== Assigned task ==
Return all lines in the data where the string "secado" can be found.

(Provided records begins)

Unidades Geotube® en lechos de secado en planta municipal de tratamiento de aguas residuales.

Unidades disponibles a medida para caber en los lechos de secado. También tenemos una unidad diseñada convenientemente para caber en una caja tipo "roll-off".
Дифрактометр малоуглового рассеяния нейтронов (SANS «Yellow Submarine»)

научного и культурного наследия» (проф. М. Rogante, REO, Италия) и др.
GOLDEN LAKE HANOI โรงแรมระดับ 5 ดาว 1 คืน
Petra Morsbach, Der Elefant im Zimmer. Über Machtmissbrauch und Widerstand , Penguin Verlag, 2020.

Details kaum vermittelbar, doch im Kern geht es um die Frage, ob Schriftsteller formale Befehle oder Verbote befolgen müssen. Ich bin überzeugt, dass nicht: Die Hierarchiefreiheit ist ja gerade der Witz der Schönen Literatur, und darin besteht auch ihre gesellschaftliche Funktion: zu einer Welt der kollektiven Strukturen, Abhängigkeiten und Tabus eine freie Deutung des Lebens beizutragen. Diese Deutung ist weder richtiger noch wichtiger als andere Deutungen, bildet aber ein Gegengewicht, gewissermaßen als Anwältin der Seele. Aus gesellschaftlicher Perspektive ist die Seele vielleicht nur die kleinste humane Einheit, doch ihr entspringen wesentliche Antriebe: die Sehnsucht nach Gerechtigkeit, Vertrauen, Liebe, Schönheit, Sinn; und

(Provided records ends)
(Provided records begins)

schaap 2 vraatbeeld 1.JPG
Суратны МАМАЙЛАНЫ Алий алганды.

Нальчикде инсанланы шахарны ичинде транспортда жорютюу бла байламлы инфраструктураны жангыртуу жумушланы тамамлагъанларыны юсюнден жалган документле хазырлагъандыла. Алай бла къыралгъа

(Provided records ends)
(Provided records begins)

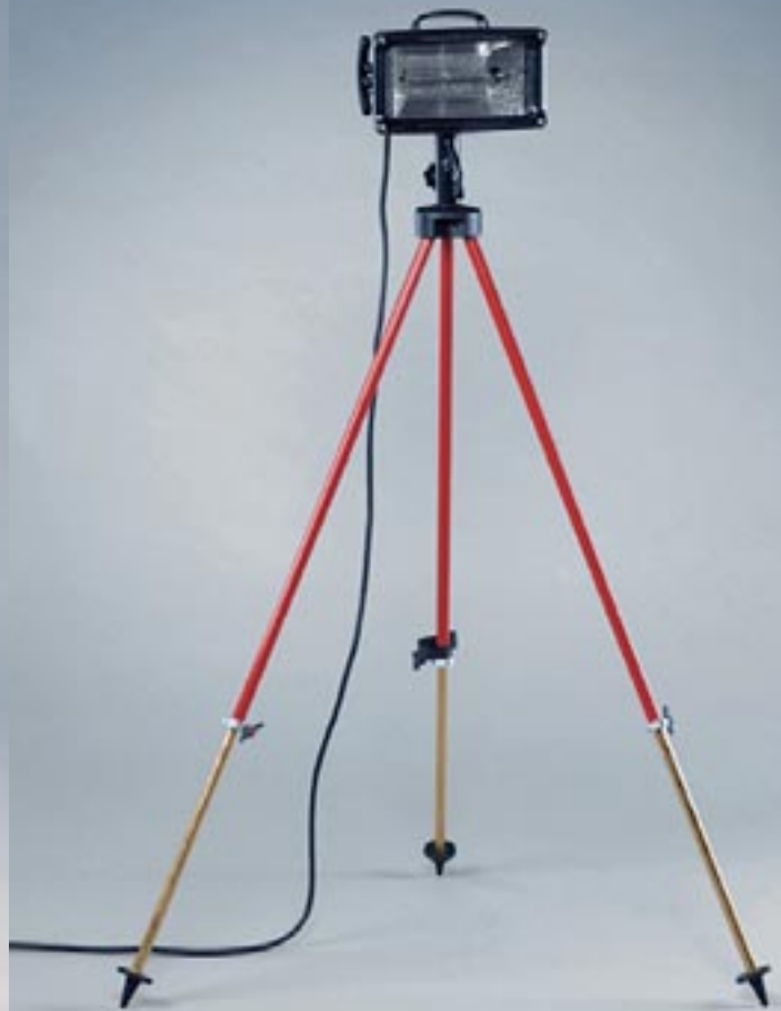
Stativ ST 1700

(Provided records ends)

== Solved exercise ==
Unidades Geotube® en lechos de secado en planta municipal de tratamiento de aguas residuales.
Unidades disponibles a medida para caber en los lechos de secado. También tenemos una unidad diseñada convenientemente para caber en una caja tipo "roll-off".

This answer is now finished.